Interesting findings, different from the reaction to molecular targeted agents, could be seen through the treatment with nivolumab. In patient #5, a large subcutaneous left lower back lesion shrank markedly after an elevation of SUVmax at first assessment (Fig. 1a). A hepatic lesion also responded to treatment after its enlarged diameter and elevated SUVmax was observed at first assessment (Fig. 1b). Additionally, in patient #8, two lung lesions decreased in size while increasing in SUVmax, similar to the subcutaneous lesion seen in patient #5 (Fig. 2a). It is also interesting that another lesion in his adrenal grand had enlarged along with a decline in SUVmax at first assessment (Fig. 2b).
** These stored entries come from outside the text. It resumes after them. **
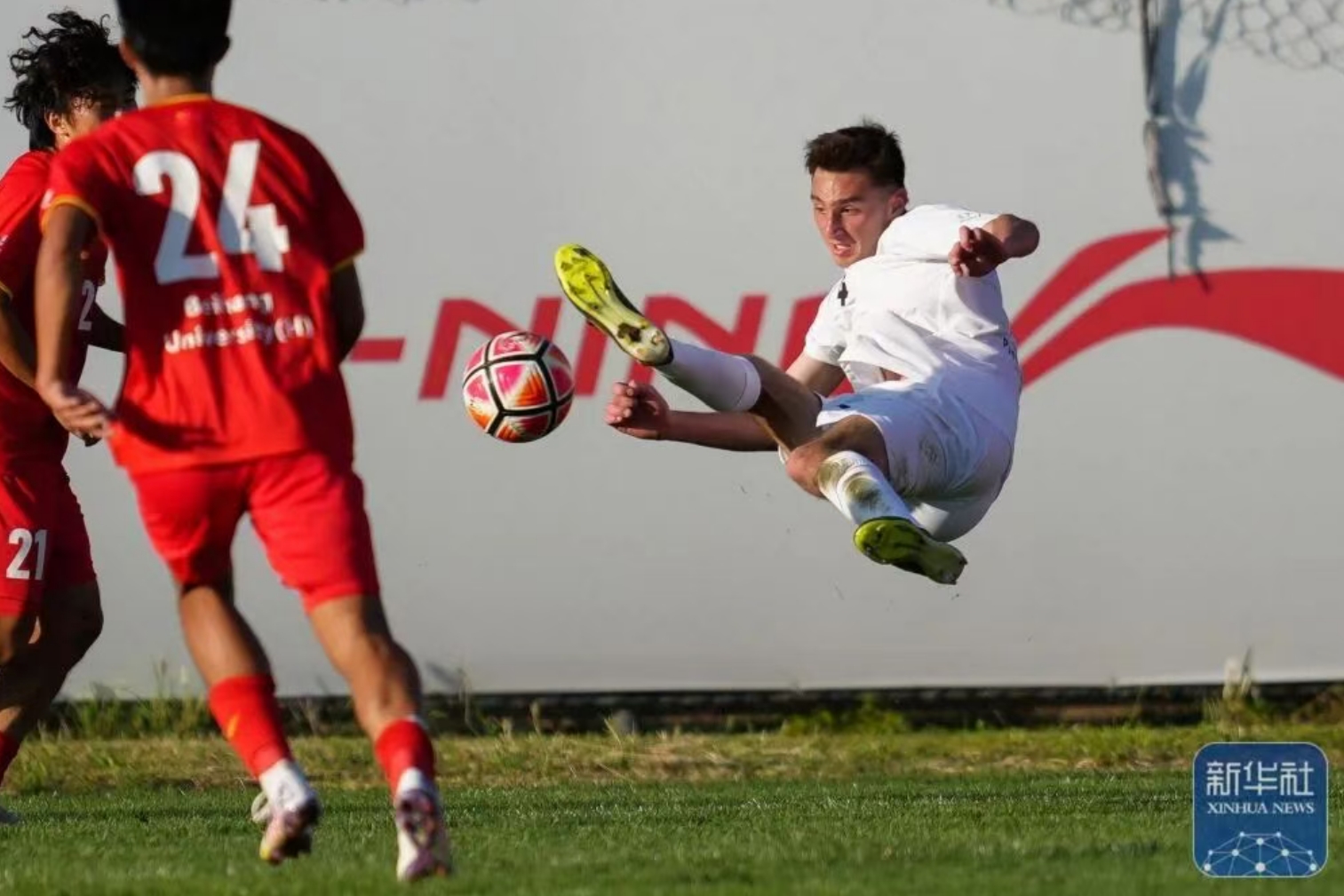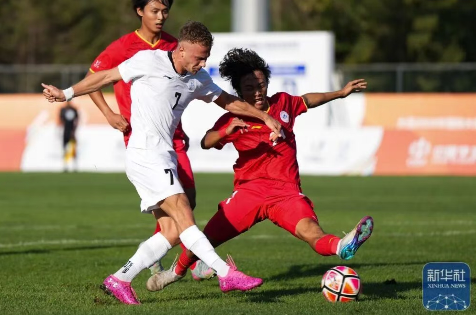 9月18日,2025年国际大体联足球世界杯男子A组小组赛在大连体育中心综合场举行,北京航空航天大学男足1比0战胜智利天主教大学男足。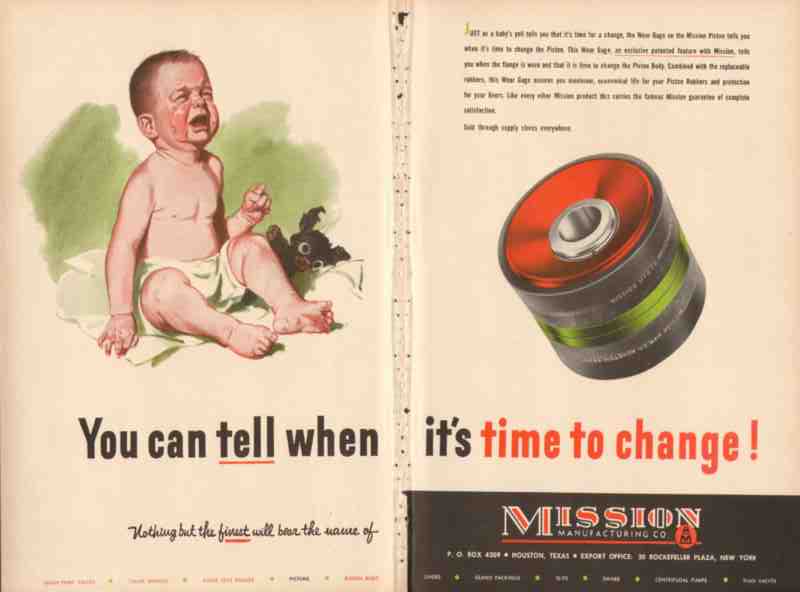 Original oil and gas trade magazine vintage ad for MISSION MANUFACTURING COMPANY of Houston, TX.  You can tell when it's time to change!  Just as a baby's yell, the wear gage on the piston tells you when it needs changing. This unique 1955 old oilfield petroleum industry equipment magazine advertisement would display beautifully matted and framed. Nice graphics. Two page gatefold advertisement.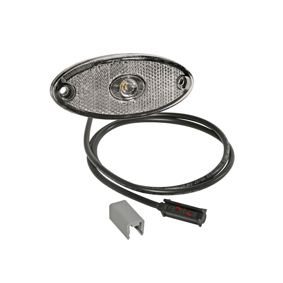 Univerzalna LED prednja lučka ovalne oblike z odsevnikom je pogosto vgrajena na 24v tovornih vozilih in prikolicah. S kablom dolžine 0.5m s hitrim priključkom za priklop direktno na ploščati kabel 2x1.5mm. Primerna za montažo direktno na površino ali z nosilcem za doplačilo. Na zalogi tudi v izvedbi s kablom dolžine 3.5 metra-pokličite za naročilo
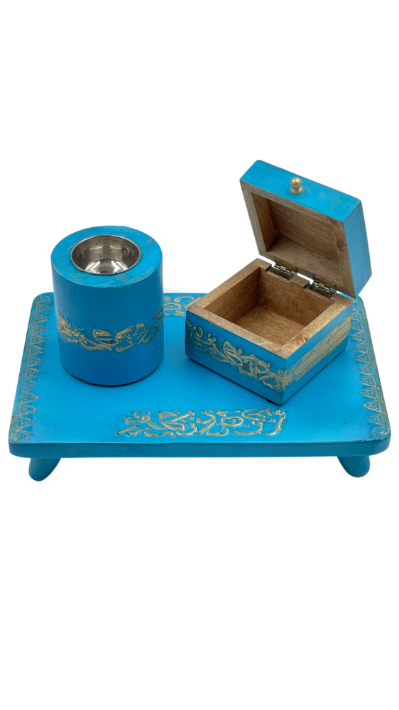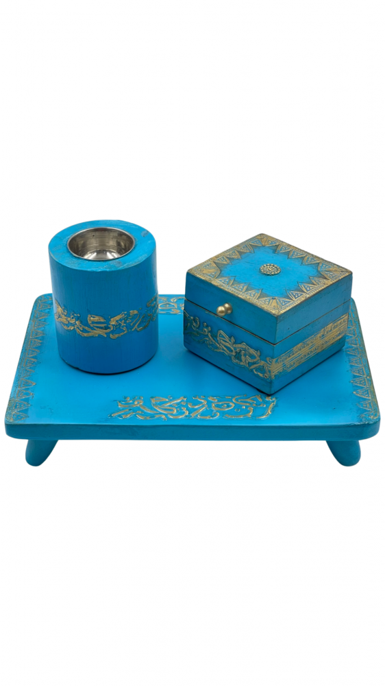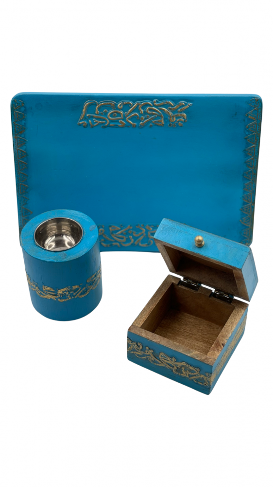 طقم خشبي فاخر من مبخره وصينيه و صندوق بنقش ذهبي جميلة لون ازرق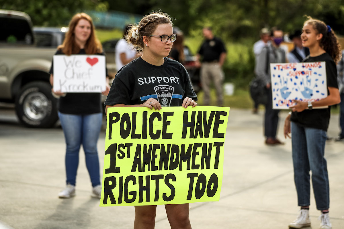 Several dozen people gathered in the parking lot outside the Demorest Municipal Building on Tuesday waiting to hear why the city’s police chief was fired.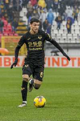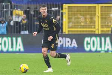 Daniele Ghilardi of Hellas Verona FC play the ball during AC Monza vs Hellas Verona FC, 23° Serie A Enilive 2024-25 game at U-Power stadium in Monza (MB), Italy, on February 01, 2025. (Photo by Davide Casentini)- AGENZIA ALDO LIVERANI SAS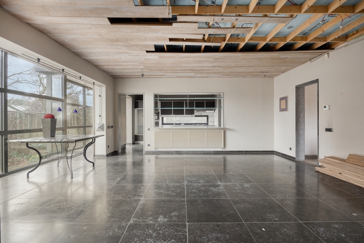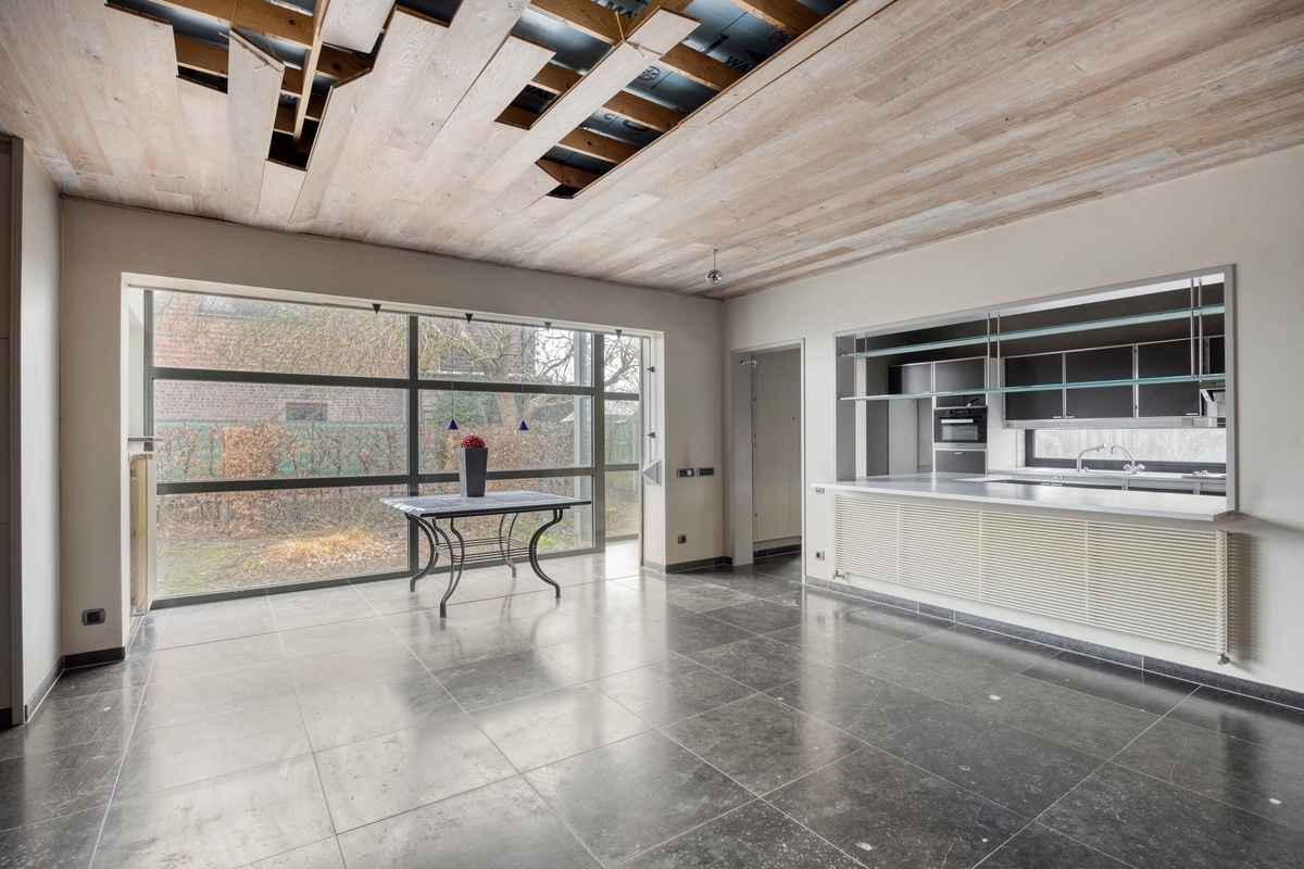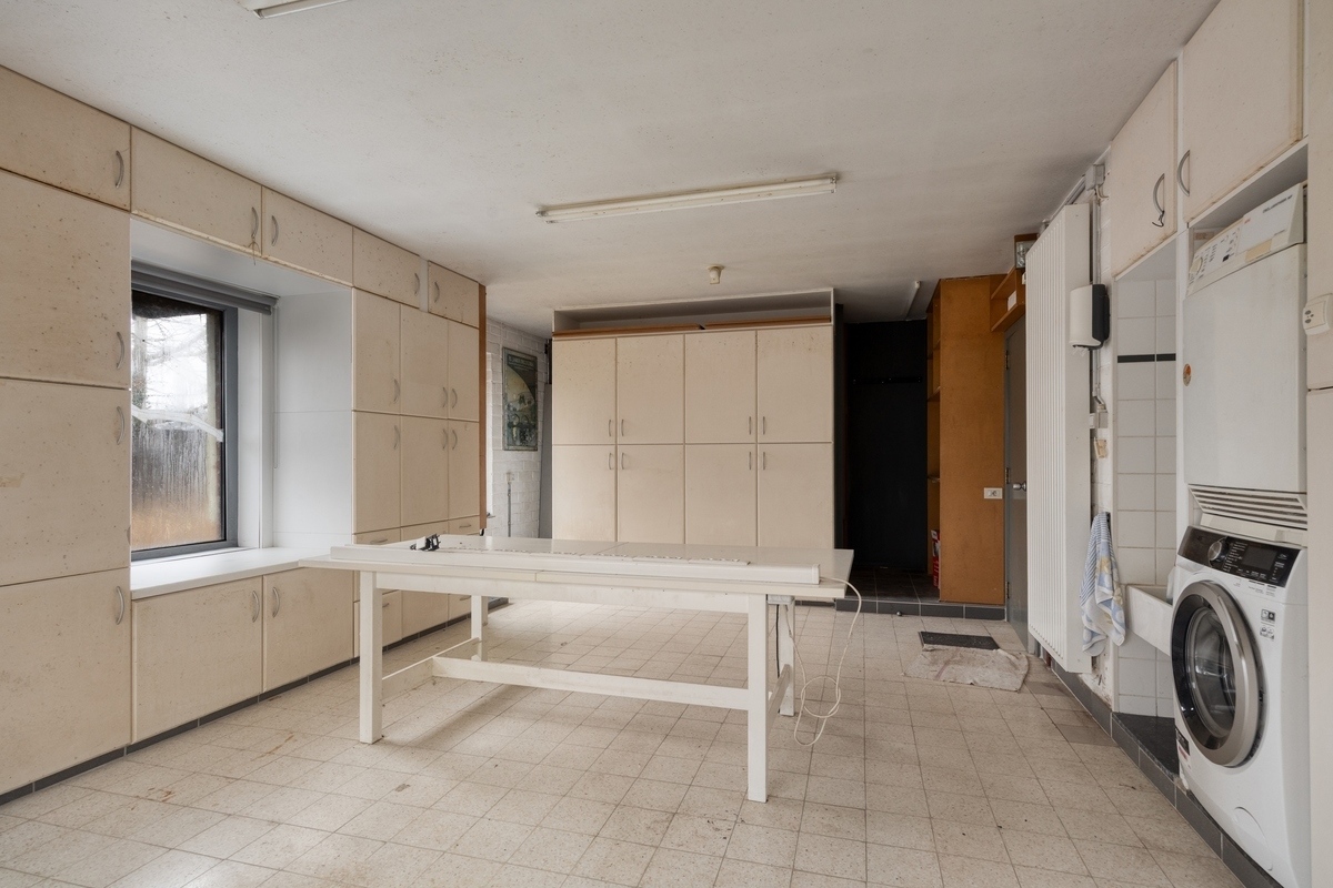 Dans une rue particulièrement calme et sans voiture de la campagne de Herent, à deux pas de Louvain et à proximité de toutes les grandes voies de communication, nous avons le plaisir de vous proposer à la vente cette solide maison de plain-pied indépendante avec un beau jardin. Cette propriété architecturale, construite en 1975, est située sur un beau terrain de 11a 60ca et a une surface habitable utile de 170 m². Le hall d'entrée spacieux avec vestiaire est situé au centre de la propriété. L'aile gauche de cette maison à rénover comprend le séjour de pas moins de 47 m² avec cuisine ouverte et une pièce de rangement pratique adjacente. L'aile droite comprend une salle de bains avec une belle baignoire avec vue sur le jardin idyllique, deux chambres spacieuses et une salle polyvalente. Au sous-sol, on trouve également une cave fonctionnelle et un abri de voiture pratique à côté de la maison. Un atout non négligeable est le beau jardin avec de charmantes vérandas qui vous donnent un sentiment de vacances dans votre propre pays. Avec quelques travaux de rénovation, vous pouvez faire de cette maison une habitation confortable dans un quartier résidentiel calme et verdoyant près du centre de Louvain. Planifiez votre visite rapidement et laissez-vous surprendre par tout ce que cette propriété a à offrir ! Hautement recommandé.

Fig. 1 — Changes of a subcutaneous and a hepatic lesion in patient #5. a Subcutaneous metastasis b Hepatic metastasis. CT images (upper lane): The number means maximum diameter of the targeted lesion PET images (middle lane): The number is SUVmax. Fusion images are in the bottom lane

Fig. 2 — Changes of a pulmonary and an adrenal lesion in patient #8. a Pulmonary metastasis b adrenal metastasis. CT images (upper lane): The number is the longest diameter of the targeted lesion. PET images (middle lane): The number means SUVmax. Fusion images are in the bottom lane

In order to predict the response to nivolumab of each lesions, we divided all lesions to two groups according to the results of the second assessment. Lesions whose diameter decreased ≥30% were defined as responding, and lesions whose diameter did not decrease ≥30% were defined as non-responding lesions. There were 18 responding lesions, and 12 non-responding lesions.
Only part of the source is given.